#### Records for the task
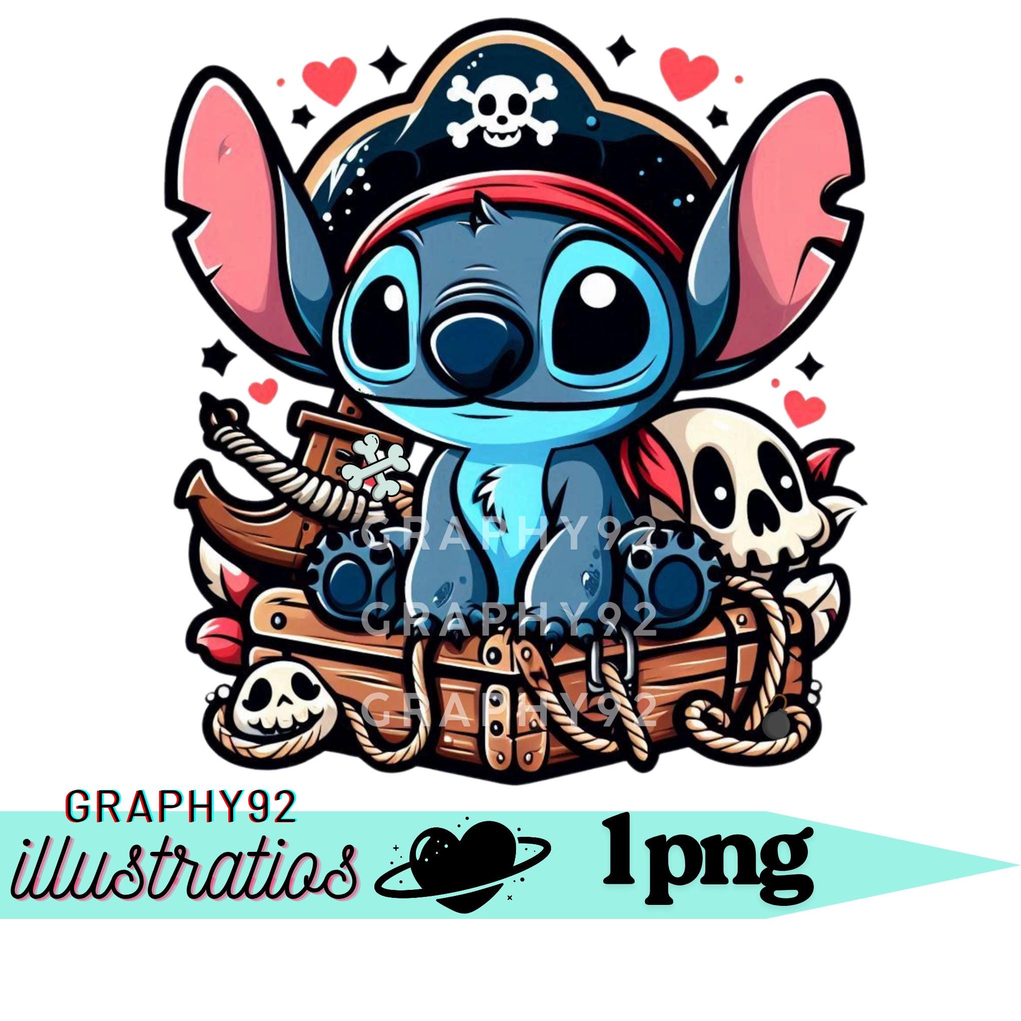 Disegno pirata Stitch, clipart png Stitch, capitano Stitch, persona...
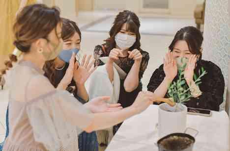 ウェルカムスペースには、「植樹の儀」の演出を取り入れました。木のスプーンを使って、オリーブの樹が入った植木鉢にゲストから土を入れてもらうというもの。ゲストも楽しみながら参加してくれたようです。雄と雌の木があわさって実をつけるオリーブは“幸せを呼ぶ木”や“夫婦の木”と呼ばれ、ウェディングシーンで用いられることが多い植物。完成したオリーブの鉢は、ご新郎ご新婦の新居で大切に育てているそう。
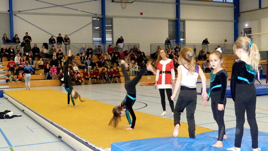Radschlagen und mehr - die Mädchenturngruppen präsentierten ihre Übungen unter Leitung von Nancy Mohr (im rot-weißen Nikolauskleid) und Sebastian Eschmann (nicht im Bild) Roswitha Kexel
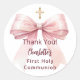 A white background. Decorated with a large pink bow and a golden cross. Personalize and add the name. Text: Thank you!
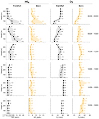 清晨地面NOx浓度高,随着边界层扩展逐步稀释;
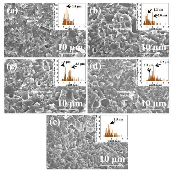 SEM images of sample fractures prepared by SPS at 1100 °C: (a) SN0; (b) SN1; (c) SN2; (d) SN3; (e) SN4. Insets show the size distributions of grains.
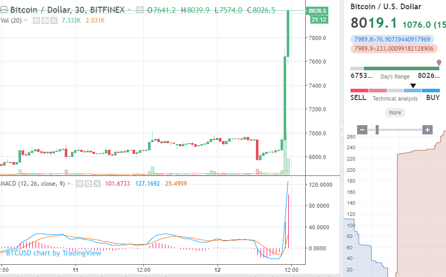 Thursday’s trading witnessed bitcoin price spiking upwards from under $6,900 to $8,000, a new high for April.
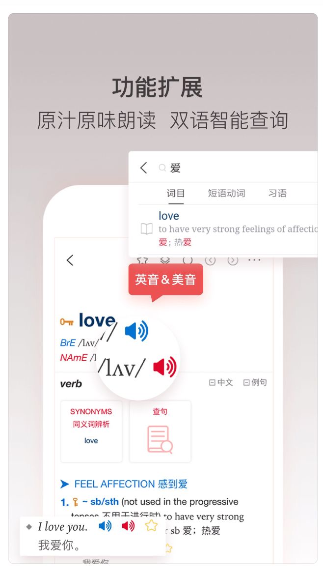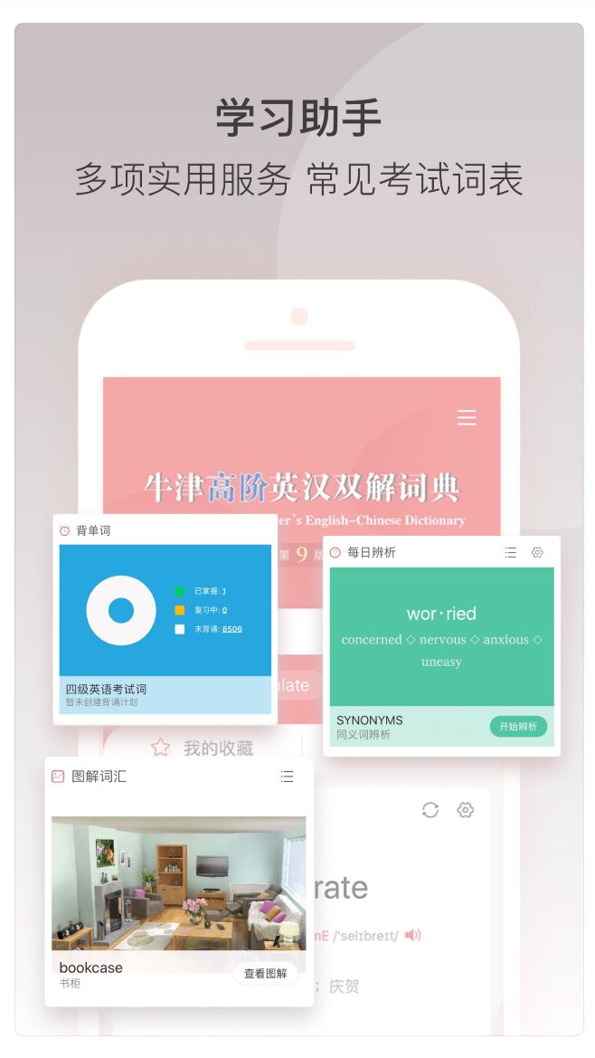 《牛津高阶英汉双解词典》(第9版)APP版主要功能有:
---
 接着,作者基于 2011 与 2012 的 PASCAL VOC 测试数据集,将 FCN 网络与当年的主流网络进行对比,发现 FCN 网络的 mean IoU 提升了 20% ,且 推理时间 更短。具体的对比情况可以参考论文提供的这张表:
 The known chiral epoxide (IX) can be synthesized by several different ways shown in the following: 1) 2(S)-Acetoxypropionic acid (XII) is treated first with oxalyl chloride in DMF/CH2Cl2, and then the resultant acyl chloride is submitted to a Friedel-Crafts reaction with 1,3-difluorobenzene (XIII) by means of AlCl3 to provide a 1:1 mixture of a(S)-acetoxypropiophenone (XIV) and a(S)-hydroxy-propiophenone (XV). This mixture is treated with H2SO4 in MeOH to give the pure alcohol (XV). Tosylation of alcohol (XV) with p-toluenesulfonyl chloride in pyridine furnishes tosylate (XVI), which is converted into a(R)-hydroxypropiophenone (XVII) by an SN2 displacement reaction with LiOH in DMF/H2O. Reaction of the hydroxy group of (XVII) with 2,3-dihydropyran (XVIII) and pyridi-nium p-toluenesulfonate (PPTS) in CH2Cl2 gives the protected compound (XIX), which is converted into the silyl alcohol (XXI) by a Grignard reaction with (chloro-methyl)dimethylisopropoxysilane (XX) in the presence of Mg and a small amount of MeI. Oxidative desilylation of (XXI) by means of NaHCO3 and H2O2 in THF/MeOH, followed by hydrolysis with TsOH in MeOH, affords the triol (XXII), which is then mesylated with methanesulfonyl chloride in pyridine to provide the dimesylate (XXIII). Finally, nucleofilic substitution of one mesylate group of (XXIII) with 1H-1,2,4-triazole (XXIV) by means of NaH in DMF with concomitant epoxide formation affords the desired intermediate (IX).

#### Exercise directions
Every line above in the stretch from the one with "ウェルカムスペースには、「植" through the one with "清晨地面NOx浓度高,随着边界层扩展逐步稀释;" is to be transcribed exactly, ends included. No picture is copied.

#### Output of the task
 ウェルカムスペースには、「植樹の儀」の演出を取り入れました。木のスプーンを使って、オリーブの樹が入った植木鉢にゲストから土を入れてもらうというもの。ゲストも楽しみながら参加してくれたようです。雄と雌の木があわさって実をつけるオリーブは“幸せを呼ぶ木”や“夫婦の木”と呼ばれ、ウェディングシーンで用いられることが多い植物。完成したオリーブの鉢は、ご新郎ご新婦の新居で大切に育てているそう。
Radschlagen und mehr - die Mädchenturngruppen präsentierten ihre Übungen unter Leitung von Nancy Mohr (im rot-weißen Nikolauskleid) und Sebastian Eschmann (nicht im Bild) Roswitha Kexel
 A white background. Decorated with a large pink bow and a golden cross. Personalize and add the name. Text: Thank you!
 清晨地面NOx浓度高,随着边界层扩展逐步稀释;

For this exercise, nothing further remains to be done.